On Schelling goodness — Andrew Critch's argument that very different agents might converge on similar moral intuitions through infinite-recursion coordination — Duvenaud expressed genuine delight but a conditional: it only bites when agents are roughly equal in power. We don't ask ants for their moral views before building on their territory, so staying competitive remains the prerequisite for any shared moral framework to matter. On succession — Nathan's suggestion that a future of conscious, feeling silicon intelligences might be acceptable — Duvenaud gave his sharpest rebuttal: almost everyone is a successionist for some successors and not others, but people round off to 'any conscious being is fine,' which would equally endorse locusts or Nazis. His two concrete recommendations closed the interview: restrict frontier compute at the chip-manufacturing choke point (TSMC and similar fabs), a narrow and tractable intervention that takes pressure off all runaway-growth vectors; and cultivate temporal coherence in public preferences by chaining the 'is it okay if humanity disappears?' question forward to one's children and grandchildren until a coherent answer emerges. He closed by describing the machine historical super-forecasting project — building time-bucketed corpora trained through 1930, 1950, 1970 with no data leakage, then evaluating how well the resulting LLMs forecast what actually happened — as the technical agenda he'd want validated before the river card is turned over.

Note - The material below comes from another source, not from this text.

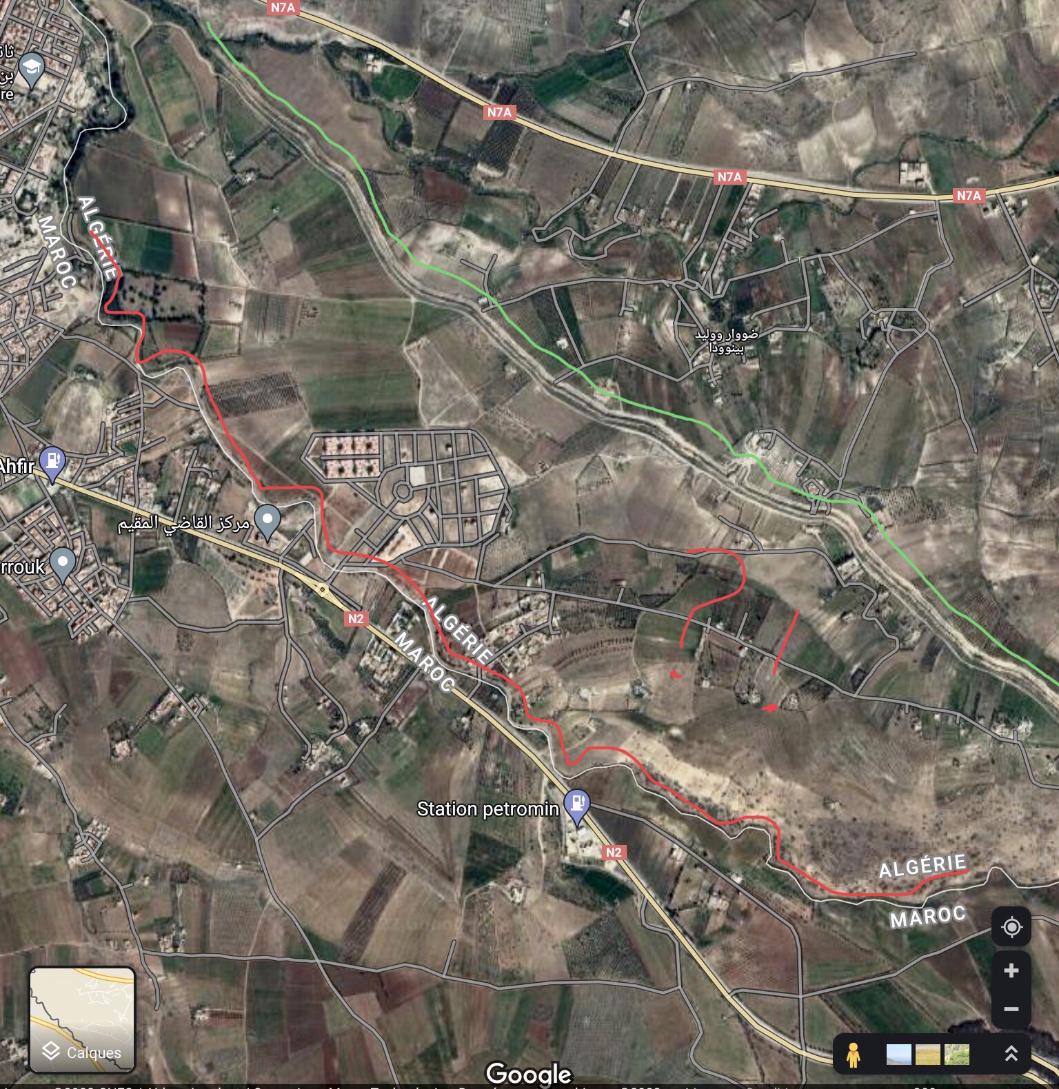 حسب ترسيم غوغل فإن حي كامل من مدينة أحفير الحدودية تابع للجزائر ، بينما الطرونشي المغربي واضح و يفصل الحدود الحقيقية ،

Close: Warning Shots, Overreaction Risk, and the New Cause Area of Managing Public Panic

After Duvenaud signed off, the hosts stayed on air to decompress. Nathan described his 'AI sycophancy problem' — a tendency to find whatever perspective he's inhabiting deeply compelling — but said what keeps him anchored is the persistent asymmetry: the risk estimates held privately by the people closest to frontier AI development remain sobering (Duvenaud's p(doom) stated at around 80%; Anthropic insiders he'd recently spoken with around 50/50), and no credible case has emerged that the downside tail can be safely dismissed. Prakash countered with a structural argument about public response: societies have been trained by Y2K, population-collapse predictions, and other expert doom scenarios to disregard expert warnings until an incident forces a response — and then to overreact. His parallel to cybersecurity suggested the real cause area hiding in plain sight is being positioned to manage the public overreaction when an AI warning shot arrives, ensuring fear doesn't lock beneficial AI behind a national-security apparatus the way nuclear technology was. Nathan flagged a newly announced $500 million project aimed at ending respiratory infections as a small hopeful signal, and the hosts signed off — agreeing it had been one of the most sobering sessions they'd done, and that sitting with the possibility of gradual disempowerment while collective agency over the future still exists is the right disposition for right now.